> EXERCISE DESCRIPTION
Restate the listing below word for word, pictures excluded.

> DATA SHOWN

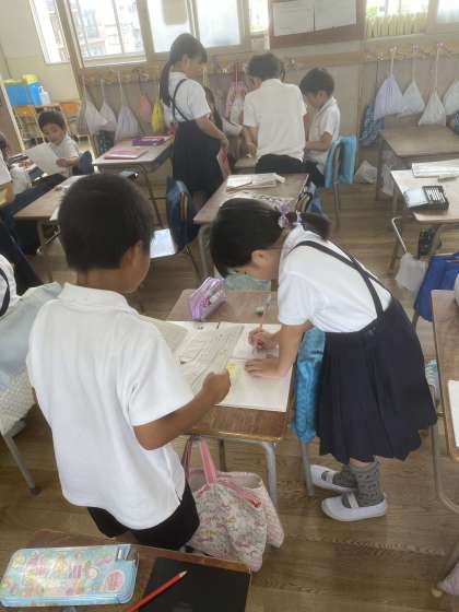 国語では、「ことばで絵をつたえよう」という学習をしています。三角や四角、丸など簡単な図形を組み合わせた絵のかき方を、言葉で説明します。
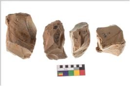| Description / विवरण | Specimen of fluted cores showing impressions of blades removed from almost all the sides. |
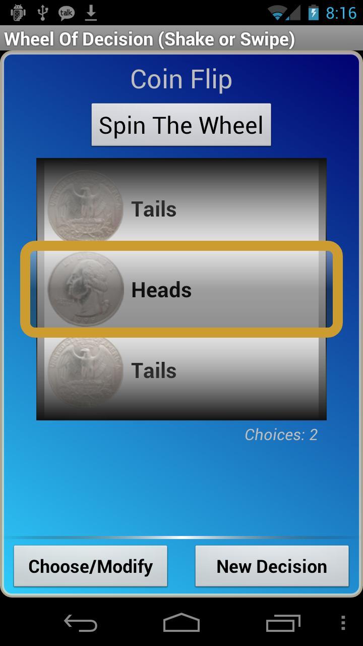 Simple to use, just choose from one of the pre-built decisions or create your own. Then shake or swipe your device to spin the wheel and reveal your answer. The spinning wheel, great graphics and sound add fun to all your decision making.
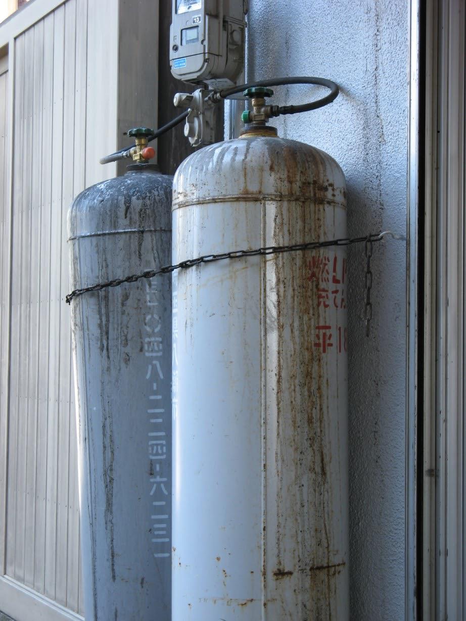 That is an explosion waiting to happen; but now that I've been made aware of it, I've noticed these tanks are everywhere. I guess maybe that tiny chain strung across the two tanks will be enough to stabilize them in case of a localized earthquake. Let's hope so.

> THE COMPLETED TASK
 国語では、「ことばで絵をつたえよう」という学習をしています。三角や四角、丸など簡単な図形を組み合わせた絵のかき方を、言葉で説明します。
| Description / विवरण | Specimen of fluted cores showing impressions of blades removed from almost all the sides. |
 Simple to use, just choose from one of the pre-built decisions or create your own. Then shake or swipe your device to spin the wheel and reveal your answer. The spinning wheel, great graphics and sound add fun to all your decision making.
 That is an explosion waiting to happen; but now that I've been made aware of it, I've noticed these tanks are everywhere. I guess maybe that tiny chain strung across the two tanks will be enough to stabilize them in case of a localized earthquake. Let's hope so.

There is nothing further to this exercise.